**Data records**:
[Start of Attachment]

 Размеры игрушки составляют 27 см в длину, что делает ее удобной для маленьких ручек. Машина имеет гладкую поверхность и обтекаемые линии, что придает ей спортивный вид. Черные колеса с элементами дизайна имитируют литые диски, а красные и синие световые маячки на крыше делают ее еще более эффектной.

[End of Attachment]
[Start of Attachment]

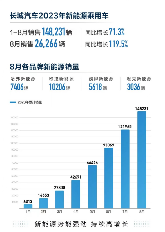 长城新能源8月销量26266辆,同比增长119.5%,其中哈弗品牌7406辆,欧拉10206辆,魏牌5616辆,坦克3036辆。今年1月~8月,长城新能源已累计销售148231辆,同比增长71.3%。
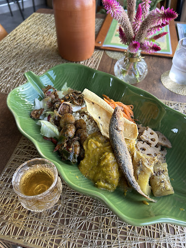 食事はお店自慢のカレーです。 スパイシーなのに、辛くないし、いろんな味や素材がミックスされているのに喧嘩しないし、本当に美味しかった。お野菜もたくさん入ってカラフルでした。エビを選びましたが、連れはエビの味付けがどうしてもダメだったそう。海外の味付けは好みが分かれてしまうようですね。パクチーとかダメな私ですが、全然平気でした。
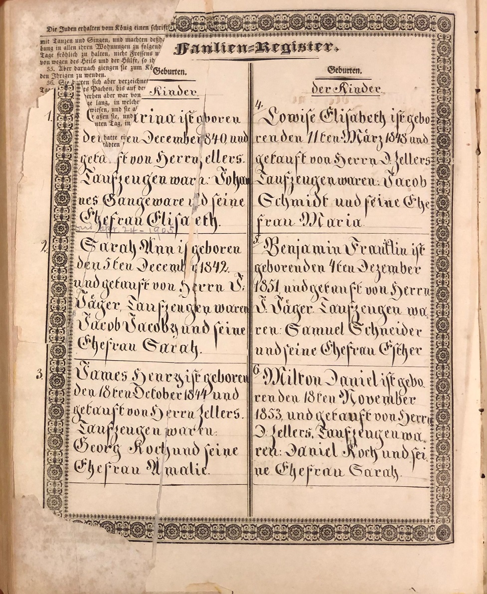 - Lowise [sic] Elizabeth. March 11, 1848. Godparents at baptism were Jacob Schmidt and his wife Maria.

[End of Attachment]

**Problem requirements**: Could you transcribe exactly the entries above, but only the lines from the one with "食事はお店自慢のカレーです。" through the one with "- Lowise [sic]", and without pictures?

**Response to the task**:
 食事はお店自慢のカレーです。 スパイシーなのに、辛くないし、いろんな味や素材がミックスされているのに喧嘩しないし、本当に美味しかった。お野菜もたくさん入ってカラフルでした。エビを選びましたが、連れはエビの味付けがどうしてもダメだったそう。海外の味付けは好みが分かれてしまうようですね。パクチーとかダメな私ですが、全然平気でした。
 - Lowise [sic] Elizabeth. March 11, 1848. Godparents at baptism were Jacob Schmidt and his wife Maria.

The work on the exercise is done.